> **WORK INSTRUCTIONS**
For the listing below, print exactly the lines from the line with "72856393 alte Postkarte" to the line with "пипсовка/скальпинг. Отличительная черта", both included, and nothing beyond them.

> **EXERCISE DATA**
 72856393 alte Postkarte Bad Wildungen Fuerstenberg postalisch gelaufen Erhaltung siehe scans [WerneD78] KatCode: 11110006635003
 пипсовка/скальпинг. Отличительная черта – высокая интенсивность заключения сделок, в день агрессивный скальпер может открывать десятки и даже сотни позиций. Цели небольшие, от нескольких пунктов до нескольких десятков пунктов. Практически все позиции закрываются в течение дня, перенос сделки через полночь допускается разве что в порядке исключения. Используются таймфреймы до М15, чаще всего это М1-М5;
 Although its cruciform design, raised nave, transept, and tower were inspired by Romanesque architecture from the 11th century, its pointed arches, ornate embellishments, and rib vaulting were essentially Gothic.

---

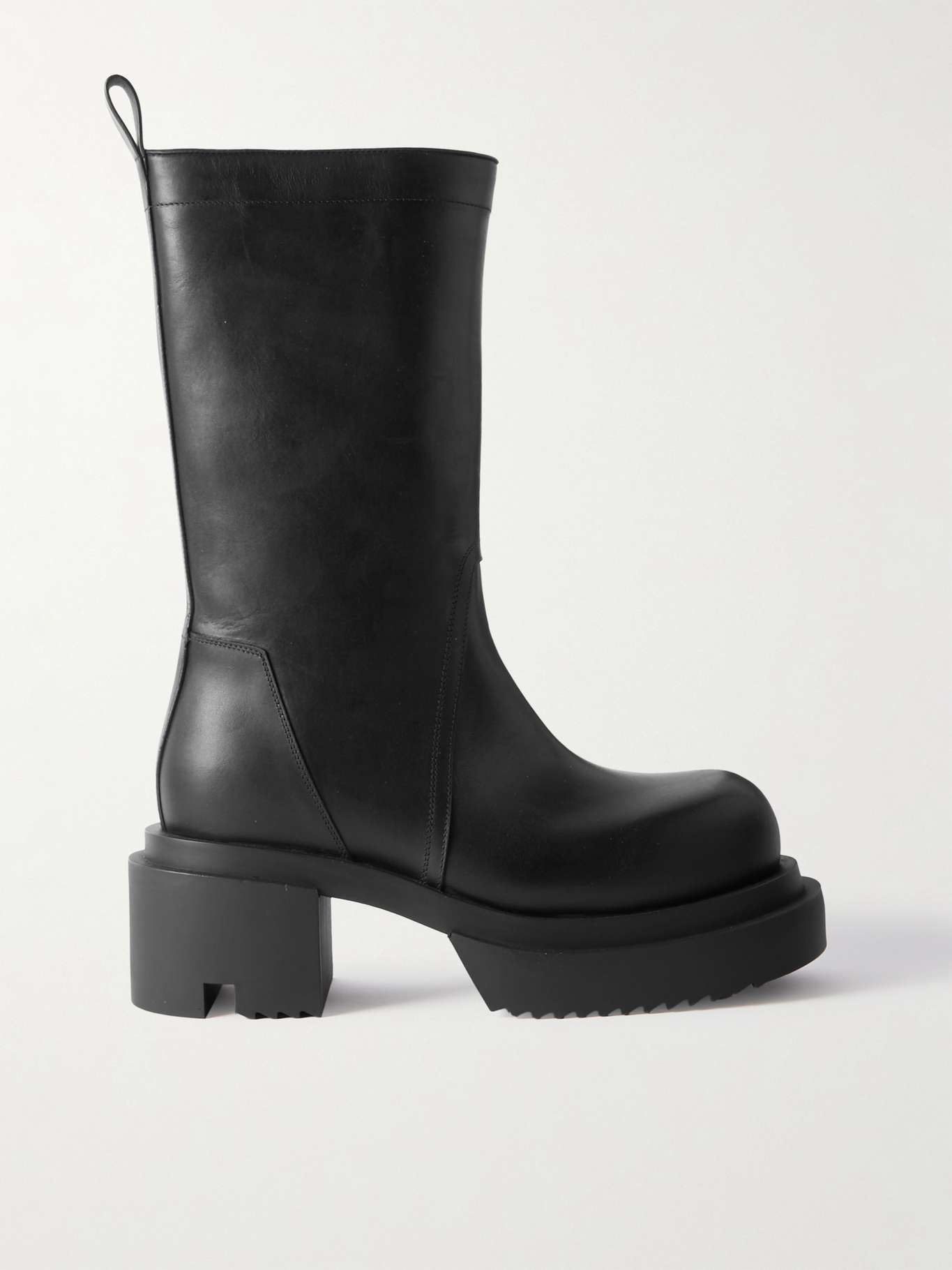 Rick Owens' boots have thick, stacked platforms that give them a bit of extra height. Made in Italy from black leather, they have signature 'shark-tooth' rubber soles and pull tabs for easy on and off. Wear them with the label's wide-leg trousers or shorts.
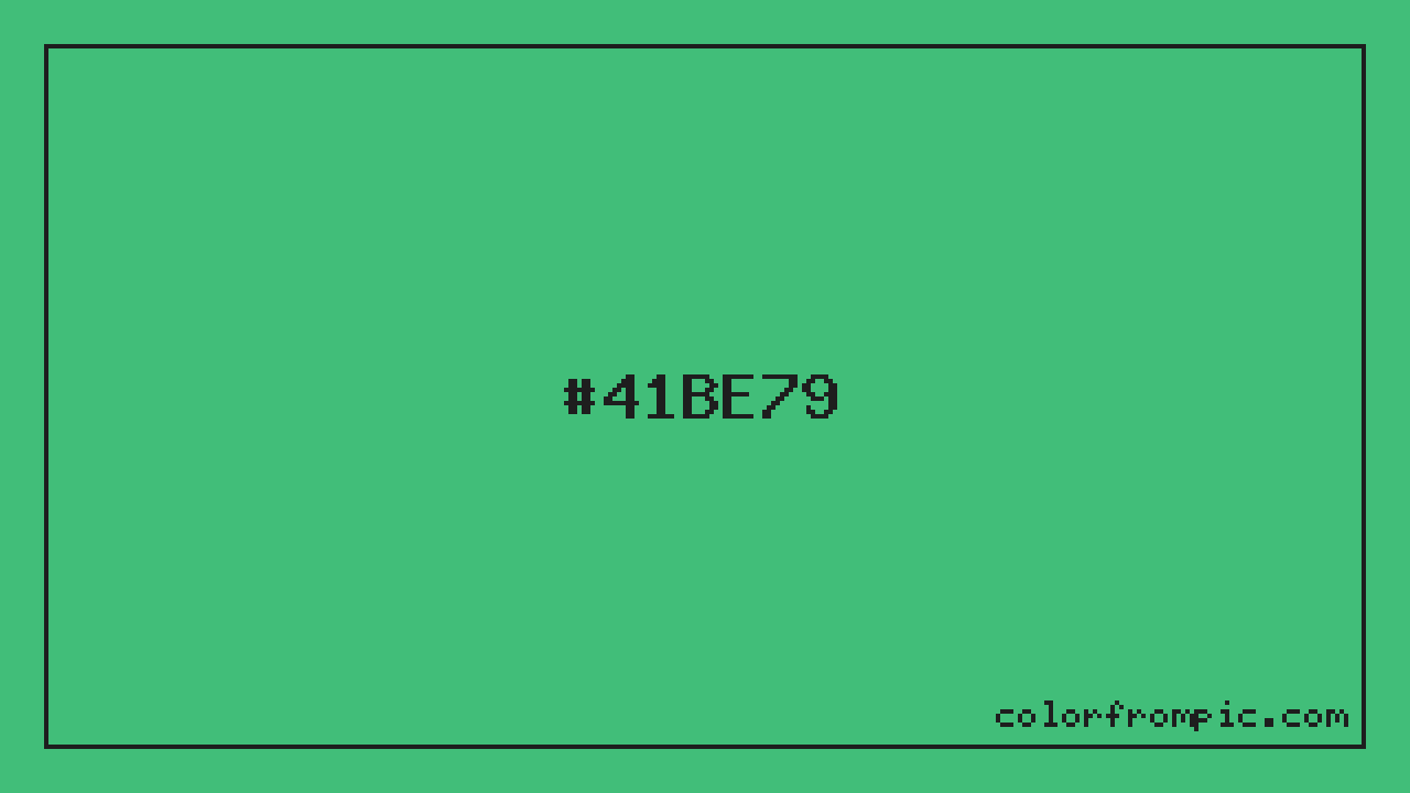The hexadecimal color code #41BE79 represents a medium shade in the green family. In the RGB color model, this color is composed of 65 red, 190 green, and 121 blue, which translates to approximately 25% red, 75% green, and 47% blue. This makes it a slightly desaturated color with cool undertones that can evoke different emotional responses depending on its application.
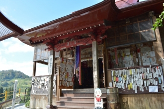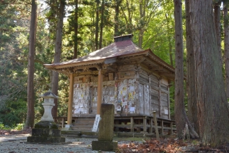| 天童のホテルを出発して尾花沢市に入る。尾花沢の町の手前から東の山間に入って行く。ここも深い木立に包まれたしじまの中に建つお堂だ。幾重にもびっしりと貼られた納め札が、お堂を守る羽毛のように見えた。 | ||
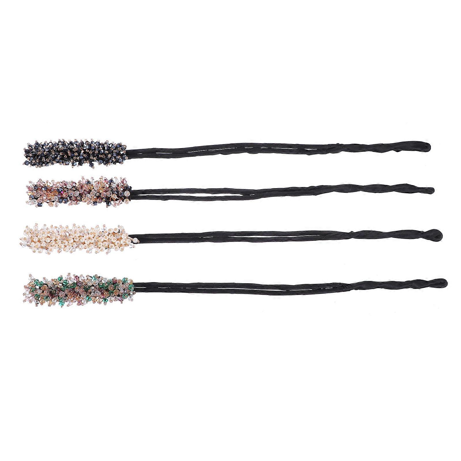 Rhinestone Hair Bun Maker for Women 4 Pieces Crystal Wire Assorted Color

> **YOUR RESPONSE**
 72856393 alte Postkarte Bad Wildungen Fuerstenberg postalisch gelaufen Erhaltung siehe scans [WerneD78] KatCode: 11110006635003
 пипсовка/скальпинг. Отличительная черта – высокая интенсивность заключения сделок, в день агрессивный скальпер может открывать десятки и даже сотни позиций. Цели небольшие, от нескольких пунктов до нескольких десятков пунктов. Практически все позиции закрываются в течение дня, перенос сделки через полночь допускается разве что в порядке исключения. Используются таймфреймы до М15, чаще всего это М1-М5;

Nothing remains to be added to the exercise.